As a recovering extreme commuter (my Brooklyn to NJ route took four hours daily), I know well how numbing train travel can be. Mundane no more in Philadelphia: Berlin-based artist Katharina Grosse has roused a 5-mile stretch of railway from its postindustrial slumber by spraying swaths of color – orange, green, pink, white – onto crumbling walls, abandoned buildings and weedy thickets. Titled psychylustro, the project description offers this reading: “Think of it as a real-time landscape painting, where the ever-evolving city is the canvas and your window is the frame.” A cell-accessible audio guide adds another frame to the experience through an interview with Grosse, a lesson on the corridor’s history, and an interpretive soundtrack by Philly sound artist Jesse Kudler.
“We wanted to create a choreographed experience that moved viewers through time and space,” said Jane Golden, executive director of the City of Philadelphia Mural Arts Program, which organized the seven-part installation. “We wanted to illuminate the rubble, the wild eruptions of nature, and we wanted to highlight the contradictions of decay and rebirth in this strange setting.”
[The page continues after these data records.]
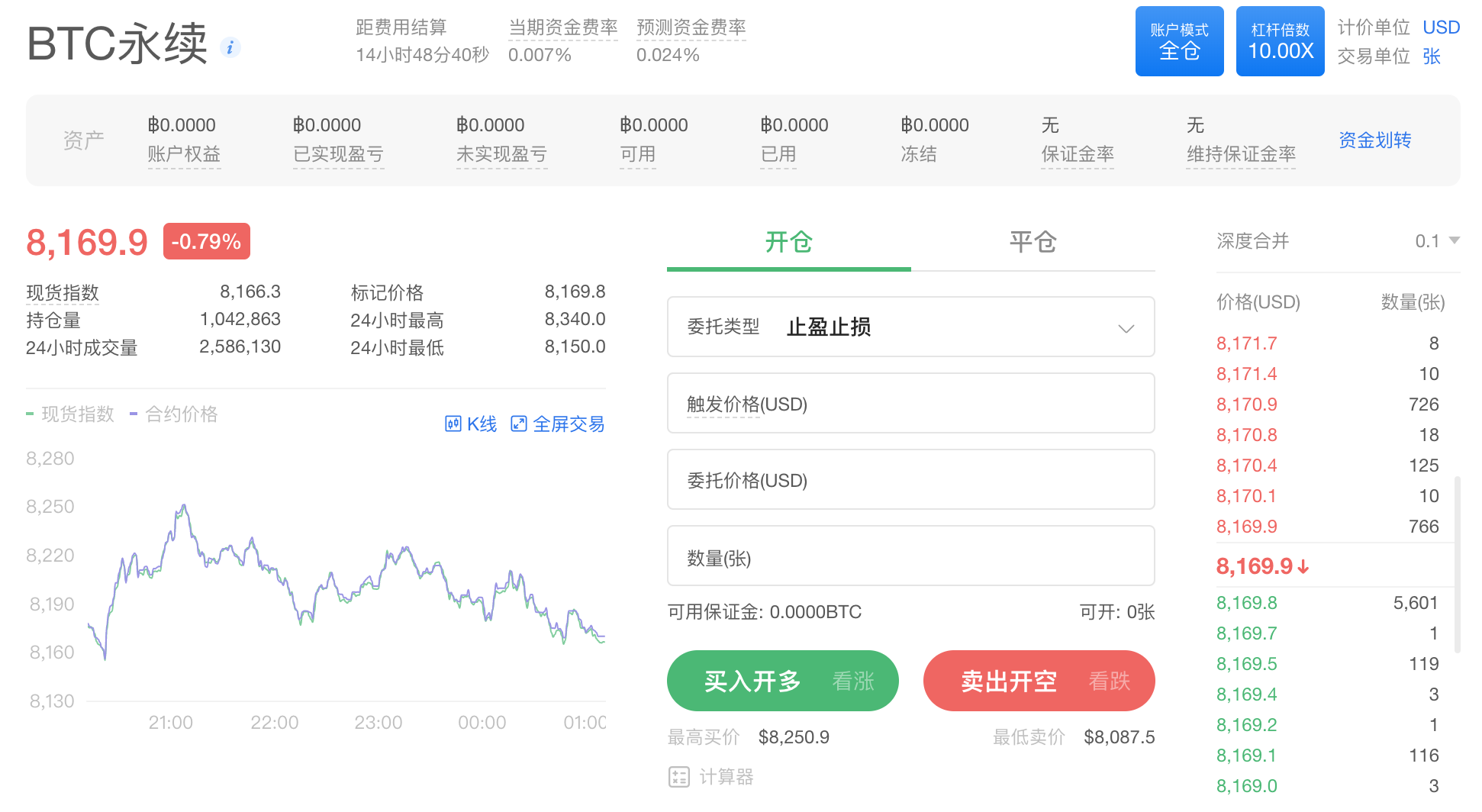 图表 1 OKEx合约交易的止盈止损委托交易界面
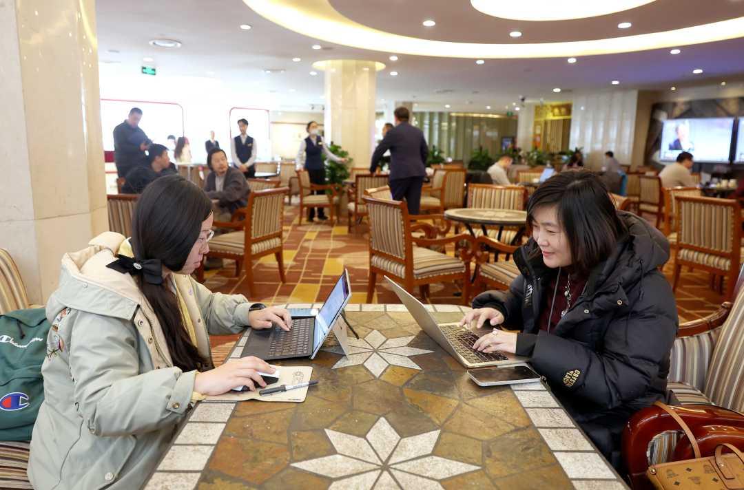 2月27日,位於北京梅地亞中心的全國兩會新聞中心,媒體記者正在工作。來源:經濟日報
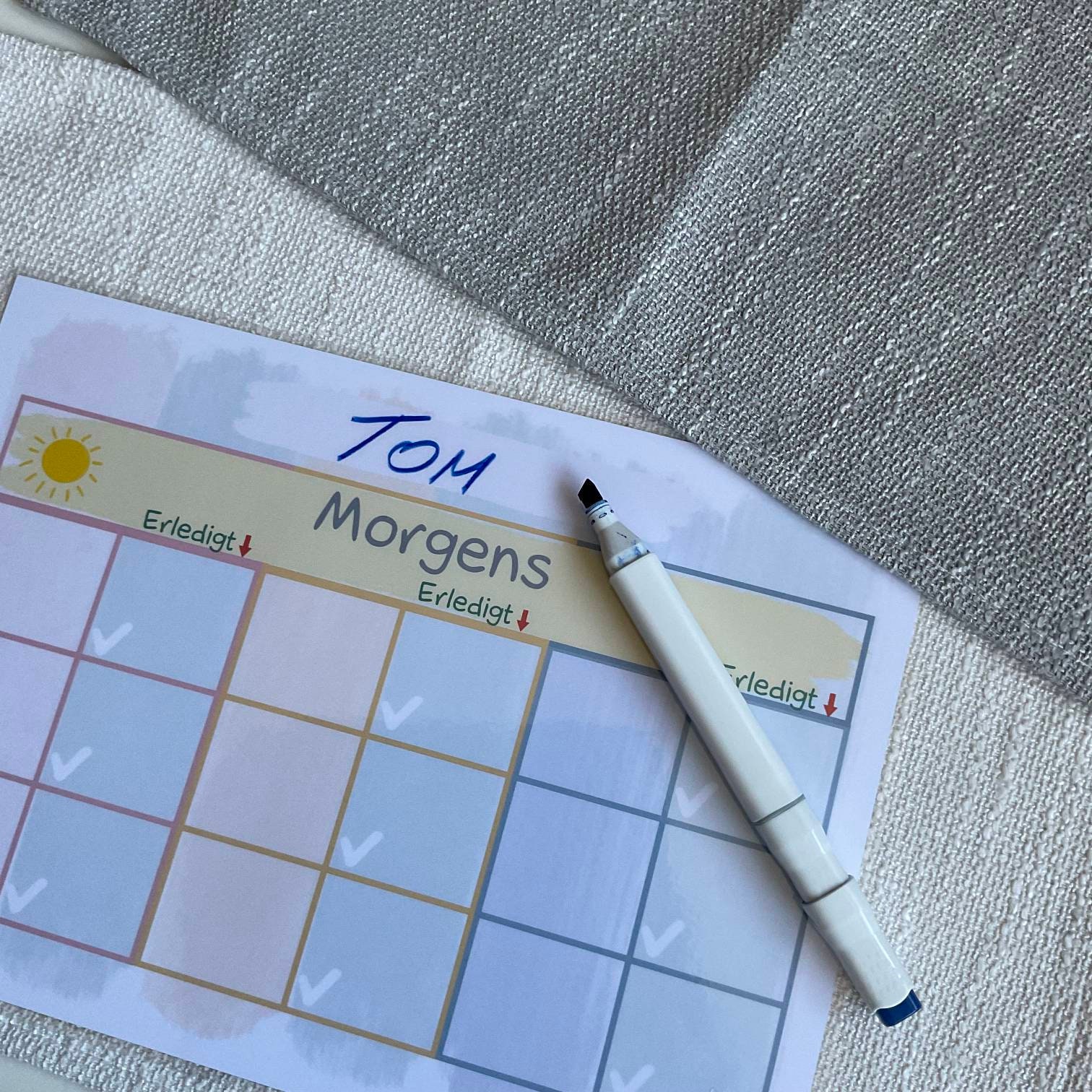Schluss mit dem Chaos! Diese 4 abwischbaren Checklisten-Tafeln helfen Kindern, ihren Tag selbst zu organisieren. Jedes Board misst 5,8x10cm - perfekt für kleine Hände. Aus robustem, geruchlosem Kunststoff gefertigt, halten sie auch bei täglichem Gebrauch lange. Die abwischbare Oberfläche ermöglicht unendliches Wiederbeschriften. Das geniale Schiebesystem lässt Kinder erledigte Aufgaben sichtbar markieren - das macht stolz und motiviert! Ideal für Morgen- und Abendroutinen, Hausaufgaben oder kleine Pflichten. Mit dabei: 4 bunte Boards (blau, grün, gelb, pink) und 4 Aufkleber zur individuellen Gestaltung. Der integrierte Schlüsselanhänger macht sie super mobil - einfach an Rucksack oder Schultasche befestigen. Besonders geeignet für Kinder mit ADHS oder allen, die Struktur im Alltag brauchen. So lernen Kinder spielerisch Selbstorganisation und Zeitmanagement. Perfekt für Zuhause, Schule oder unterwegs. Einfach mit Whiteboard-Marker beschreiben, abwischen und neu starten!
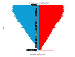 Gender balance remains relatively even across most age groups, women just slightly outnumber men in the senior population. The country’s age pyramid remains triangular, indicating once again a younger demographic profile.
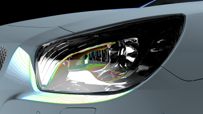 Das ISO-Lux Rendering simuliert die Lichtverteilung auf der Fahrzeuggeometrie. So lässt sich beispielsweise ermitteln, ob die Sicht des Fahrzeugführers durch Lichtstreuung oder Reflexion direkt oder indirekt beeinträchtigt wird und Monitore oder Geräteanzeigen nicht mehr oder nur schlecht wahrgenommen werden. - ISO-Lux-Ansichten basieren auf den durch die Hersteller ermittelten realen Messdaten der Arbeitsscheinwerfer

Nearly 34,000 people cruise past psychylustro per day, mostly on Amtrack, mostly en route between New York and Washington (though some are New Jersey or Pennsylvania commuters like my former self). “That your life is constantly in that kind of changing mode — is something I’ve always been fascinated by,” Grosse said. “And this time we have an extra tool, which is the train. In a museum you walk, and that’s the way you move. Here, you can fly.”
By design, psychylustro will become obsolete: using Benjamin Moore house paint sans sealant, the color will gradually wear off and anti-graffiti measures will cease after six months (already, the scene pictured above has lost its orange hold on the leaves). Ultimately, the elements – natural and urban – will reclaim the sites; the bold bands will slide into streaks, akin to these silk pants.
Grosse has made a career of coloring outside the lines and redefining the traditional notion of a canvas: for her concurrent New York debut, Just Two of Us, she created 18 neon iceberg-esque sculptures, wedging them between trees at the MetroTech Commons in downtown Brooklyn.
Of her ongoing exploration of color, Grosse says, “I need the brilliance of color to get close to people, to stir up a sense of life experience and heighten their sense of presence.” May my presence at psychylustro be possible (I’d revisit my commuter days to see it); time to plan a trip back east.